**What you are asked to do**
Write out the opening lines of the data word for word, up to and including the line with "[ - : 실제값(종가) / - : 예측값(종가) ]", and leave every picture and every later line out.

**Given material**
+---+
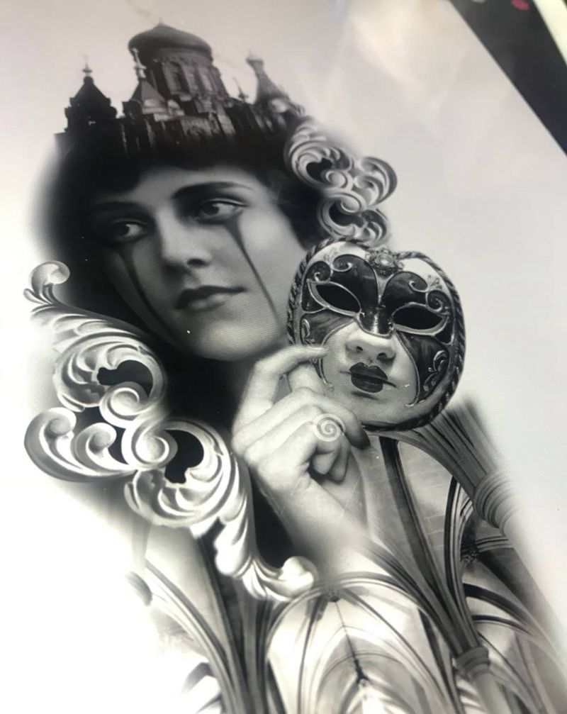 当前位置: 首页 >云南省玉溪市纹身店-梵刺纹身工作室纹身图案>面具下的哭泣者纹身图片
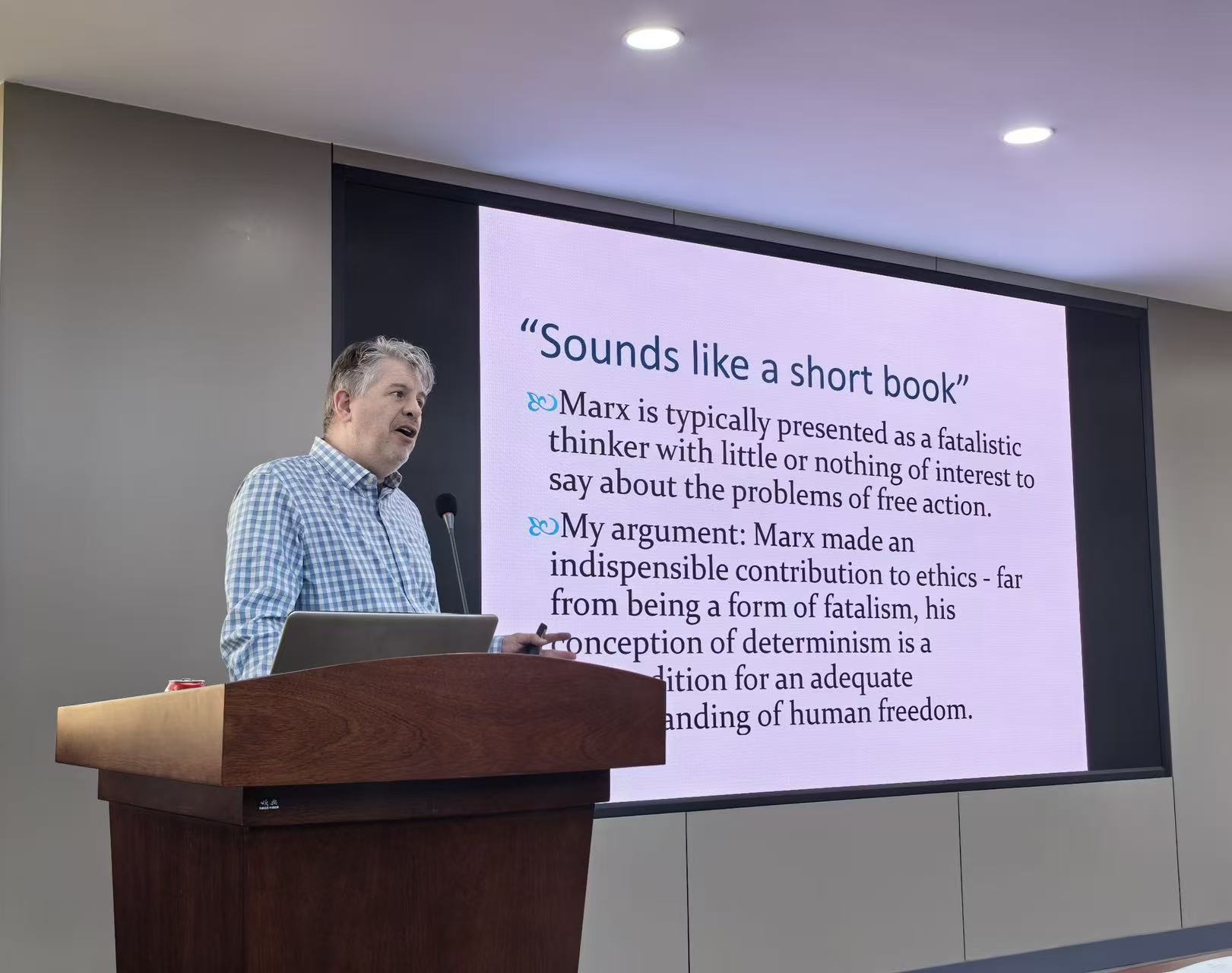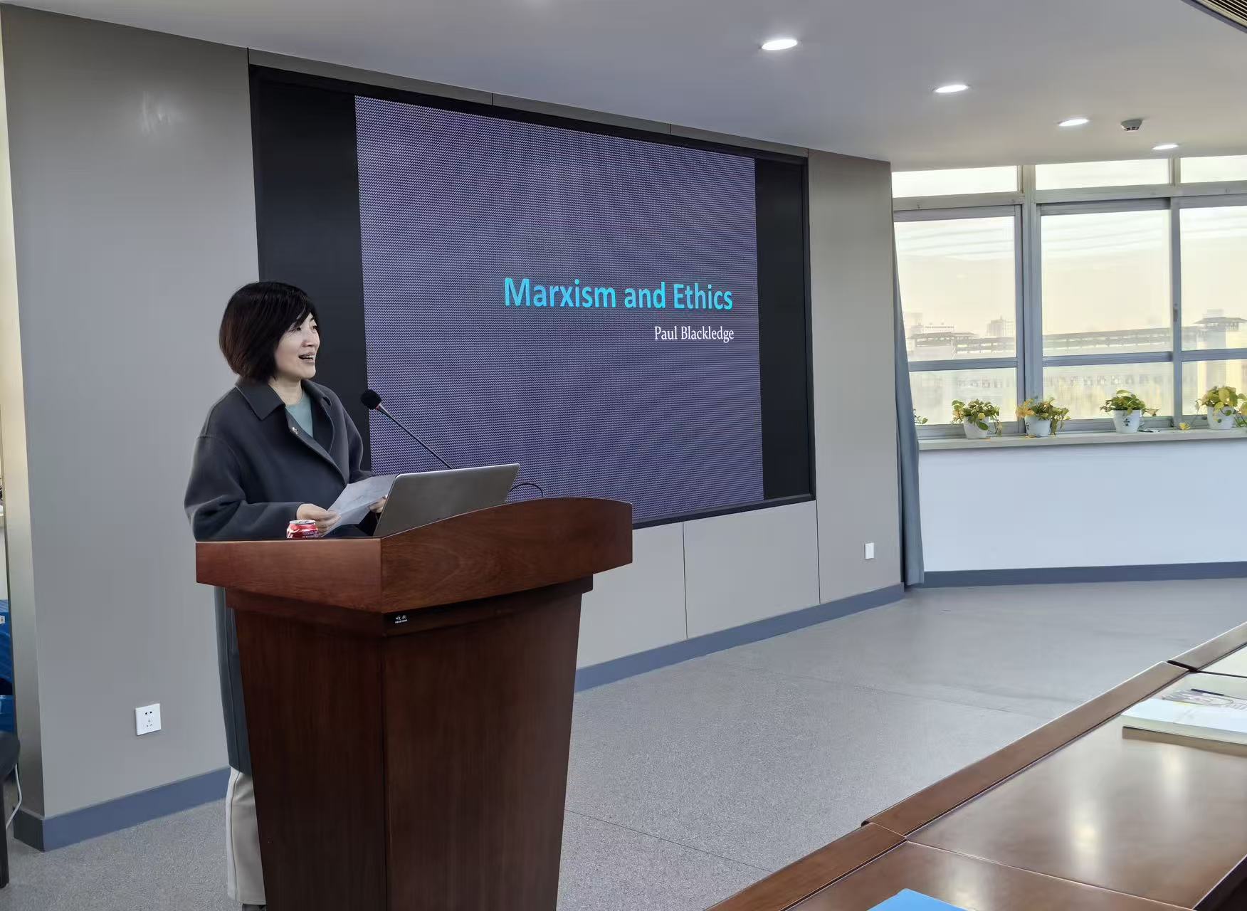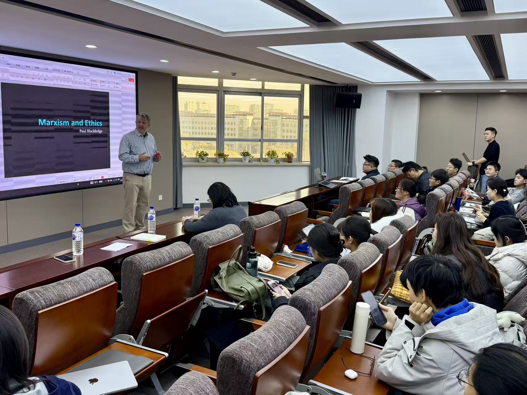 在“马克思主义与伦理学”的讲座中,布莱克里奇教授首先指出学界相关研究的局限性,指出全人类的自由和解放构成其伦理学观念的重要基础,而其中对决定论的重新理解则是阐发这一问题的前提。接着,讲座还以马克思主义的观点审视康德的义务论、边沁的功利主义等现代道德理论。最后,讲座分析了马克思论异化劳动的四个方面,并强调无产阶级关于团结和相互认可等美德的培育的作用。
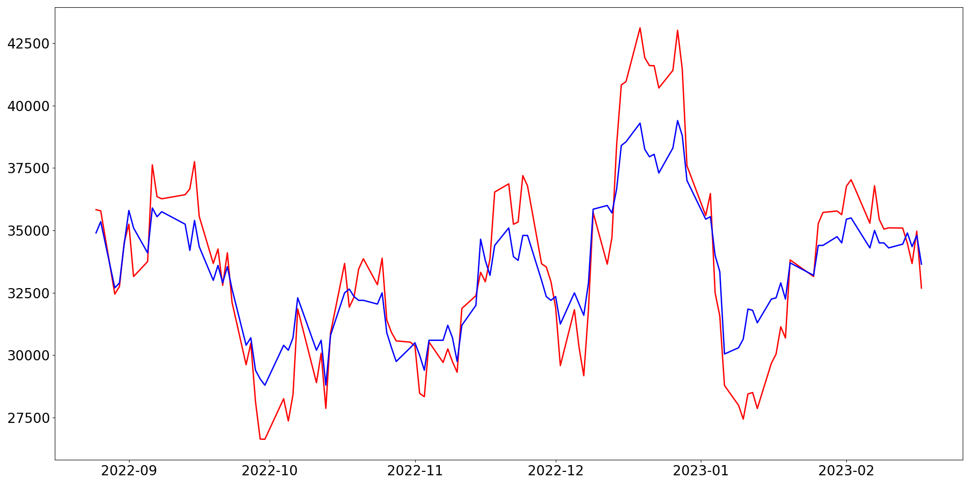 [ - : 실제값(종가) / - : 예측값(종가) ]
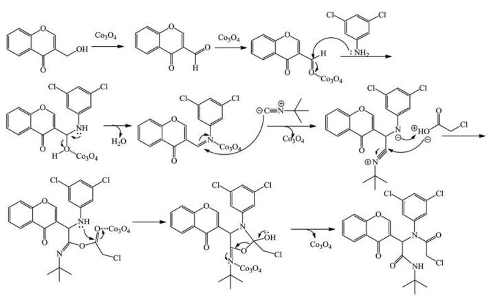 2. Results and discussionInitial exploratory studies among 3-(hydroxymethyl)-4H-chromen-4-one (1a), 3, 5-dichloroaniline (2a), chloroacetic acid (3a) and tert-butyl isocyanide (4) in acetonitrile under reflux condition without catalyst did not produce the desired Ugi adduct. When the reaction was performed in the presence of T3P, under the same reaction conditions, 31% of the desired Ugi adduct (5a) is obtained. However, we failed to obtain noticeable yields when the reaction was carried out in the presence of HIO3, Chloramine-T with ZnBr2, dimethyl dioxirane, and sodium hypochlorite. Later, we turned our attention to the metal catalysts and among the metal catalysts tried, Bi2WO6 and 5 mol% nano Co3O4 resulted in 10% and 55% of 5a, respectively.
+---+
**Response to the task**
 当前位置: 首页 >云南省玉溪市纹身店-梵刺纹身工作室纹身图案>面具下的哭泣者纹身图片
 在“马克思主义与伦理学”的讲座中,布莱克里奇教授首先指出学界相关研究的局限性,指出全人类的自由和解放构成其伦理学观念的重要基础,而其中对决定论的重新理解则是阐发这一问题的前提。接着,讲座还以马克思主义的观点审视康德的义务论、边沁的功利主义等现代道德理论。最后,讲座分析了马克思论异化劳动的四个方面,并强调无产阶级关于团结和相互认可等美德的培育的作用。
 [ - : 실제값(종가) / - : 예측값(종가) ]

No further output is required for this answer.